Some people are fond of comparing The United States, particularly its government, particularly the current administration of George W. Bush (
HafiZahu-llaahu wa barakaatu-llaahi wa raHmatuhu 'alayhi), to "Nazi" Germany (more properly, NSDAP Germany), with parallels being drawn between Bush (
HafiZahu-llaahu et cetera) and Hitler (
la'natullaahi 'alayhi). This is utterly ridiculous.
We have studied the Third Reich (NSDAP Germany) from the rise of the NSDAP to the fall of Germany under the Allies. We have studied about Hitler. We, therefore, find it difficult to figure exactly where such people, who call Bush "Hitler" or America "Nazi Germany," find their arguments or justification. Let Us examine how this cannot be so.
NSDAP had a secret police force, the Gestapo. No such organization exists in The United States. Whereas it is true that various law enforcement agencies exist, primarily local police forces and federal agencies (the FBI, the Department of Homeland Security, the Secret Service), none of these have the mandate the Gestapo had, nor the responsibilities the Gestapo had, nor the activities that the Gestapo carried out. People are fond of claiming that The Government is oppressing dissent. We find no evidence of this whatsoever.

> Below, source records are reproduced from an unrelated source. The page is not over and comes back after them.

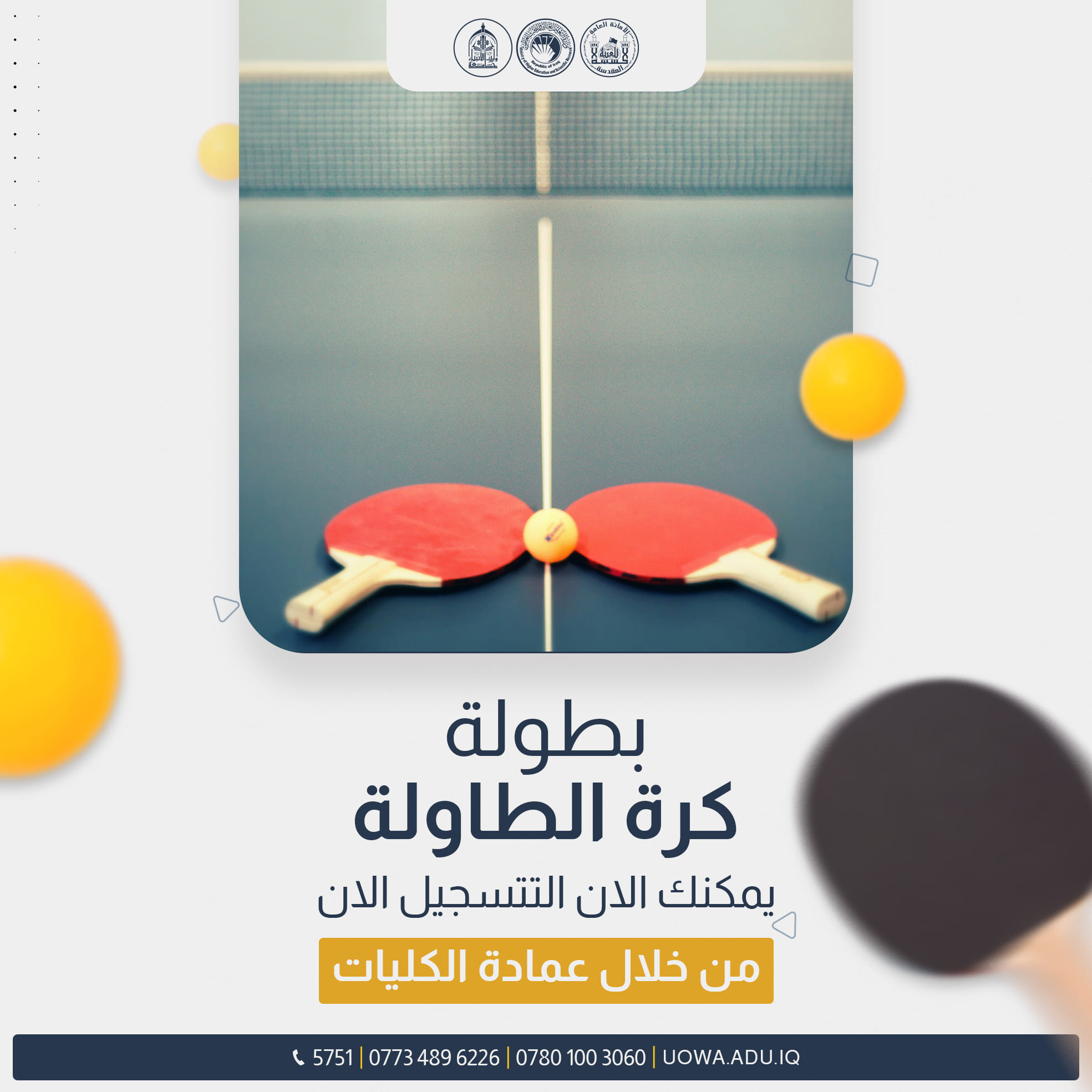يقيم قسم النشاطات الطلابية في جامعة وارث الانبياء(عليه السلام) بطولة كرة الطاولة (المنضدة) لطلبة كليات وأقسام الجامعة كافة، فعلى من يود المشاركة مراجعة رئاسة قسمه لتسجيل أسمه.
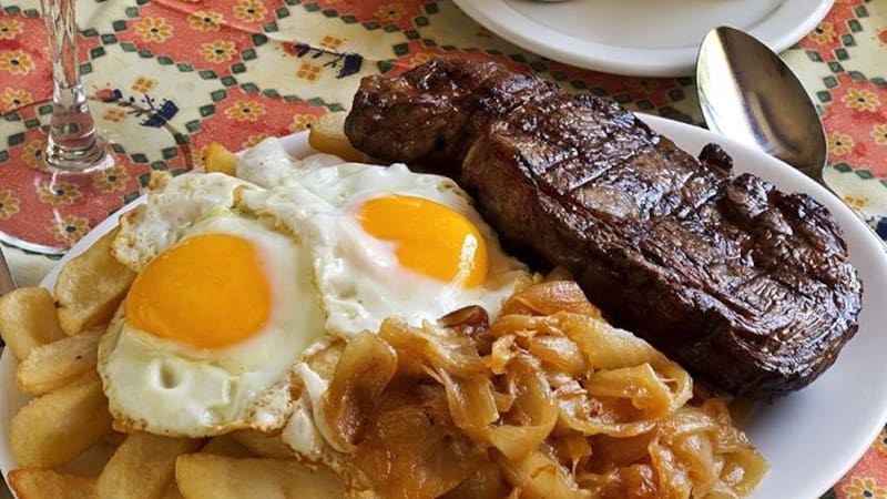 Es decir, el "bistec a lo pobre", que es un lomo liso en el punto que elijas, acompañado de una buena cantidad de papas fritas, cebolla caramelizada y los dos huevos fritos de rigor, costará $ 8.100.
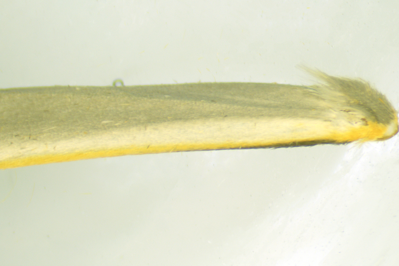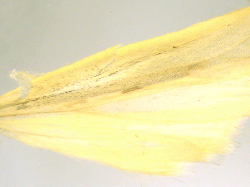 This individual, the third for Norfolk, was trapped by Laura King and looked quite unlike any Scarce Footman I have ever seen. Firstly the wings were pale silvery, contrasting with the yellowy foreparts like a male Ghost Moth. The yellow seemed to extend further back across the head than on Scarce Footman, and a short distance down the sides of the wings. This made me consider Buff Footman, but the shape (and colour) was all wrong and the broad yellow didn't extend so far down the wings. The wings weren't rolled in so tightly as they normally are on Scarce Footman (though more so than on, say, Common Footman) and the moth was noticeably small - so much so that when David N saw it we had a discussion about whether it could be Pigmy Footman. Examination of the genitalia appear to confirm that it is a Hoary Footman, the first for the vice county. I have not been able to find any images or descriptions of female Pigmy Footman genitalia, so in the event that these have similar genitalia then that species is only eliminated on external characters - I think these are clear enough.
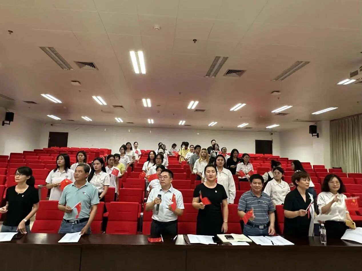 为迎接新中国75周年华诞,银健书记带领全体参会成员合唱歌曲《我的祖国》、《我和我的祖国》和《歌唱祖国》,师生以高涨的热情共同为祖国庆生。
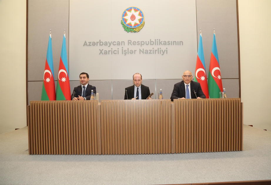 Xəbər verdiyimiz kimi, bu gün Azərbaycan Xarici İşlər Nazirliyində (XİN) nazir Ceyhun Bayramov, Azərbaycan Prezidentinin köməkçisi - Azərbaycan Prezidentinin Administrasiyasının Xarici siyasət məsələləri şöbəsinin müdiri Hikmət Hacıyev və Azərbaycan Prezidentinin xüsusi tapşırıqlar üzrə nümayəndəsi Elçin Əmirbəyovun iştirakı ilə ölkəmizdə akkreditə olunmuş diplomatik korpus üçün brifinq keçirilib.
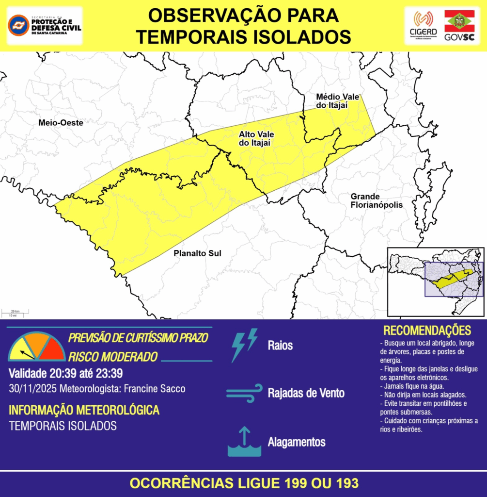 OBSERVAÇÃO – 30/11 20:39 – TEMPORAIS ISOLADOS com RAIOS, RAJADAS DE VENTO e ALAGAMENTOS pontuais para os municípios de Abdon Batista, Agrolândia, Agronômica, Anita Garibaldi, Apiúna, Ascurra, Atalanta, Aurora, Blumenau, Bocaina do Sul, Botuverá, Braço do Trombudo, Brunópolis, Brusque, Campo Belo do Sul, Campos Novos, Capão Alto, Celso Ramos, Cerro Negro, Chapadão do Lageado, Correia Pinto, Curitibanos, Gaspar, Guabiruba, Ibirama, Imbuia, Indaial, Ituporanga, Lages, Laurentino, Leoberto Leal, Lontras, Mirim Doce, Nova Trento, Otacílio Costa, Palmeira, Petrolândia, Ponte Alta, Ponte Alta do Norte, Pouso Redondo, Presidente Getúlio, Presidente Nereu, Rio do Oeste, Rio do Sul, São Cristóvão do Sul, São José do Cerrito, Taió, Trombudo Central, Vargem e Vidal Ramos nas próximas 3 horas. Ocorrências ligue 199 ou 193.

People who oppose The Government, particularly its popularly elected officials, are quite vocal in their disagreement and opposition. Newspapers regularly print news that reflects badly on The Government, if not challenging it outright. We have yet to hear of anyone being arrested, detained, or otherwise unjustly detained or silenced because of one's political or martial views. Indeed, We would go so far as to say that people who are right of center have deplorably failed in raising their voice as successfully, as loudly, and as vociferously as those who are left of center have done. We view the public discourse as unfairly tilted towards the left, with improper and insufficient representation of the right, whose members are often unjustly, unfairly, inaccurately, and viciously maligned by the vocal left. With such a state of affairs, how can one even consider that The United States is in any way like NSDAP Germany?
The Government of NSDAP Germany carried out quite shocking and inhumane persecution, prosecution, and other criminal activity towards certain classes (
id est, categories) of people, such as Jews, homosexuals, Rroma (also known as "gypsies"), Jehovah's Witnesses, uncompromising Christians, Slavs, Communists, Socialists, and other political opponents. The rights of entire classes were restricted, if not eliminated completely. No one has done anything remotely like this in The United States, nor would anyone, even The Government, be able to carry something like this out.
NSDAP Germany had the goal of expanding its
Lebensraum by expanding the Third Reich. (This is not a new desire. Various states such as The Soviet Union, The United Kingdom, France, Spain, Portugal, Austria, The Ottoman Empire, the Arab caliphate, various Indian kingdoms, Japan, China, and The Netherlands have desired the expansion of their empire. One ought to remember: The United States broke away from the British Empire, Canada still belongs to the British Empire, the Louisiana Purchase was made from France, a part of Canada was under France, and Spain ruled Florida and Mexico.) NSDAP Germany attempted to accomplish this by first uniting all German peoples with the German state (which was justified and popularized by the quite catchy slogan of: "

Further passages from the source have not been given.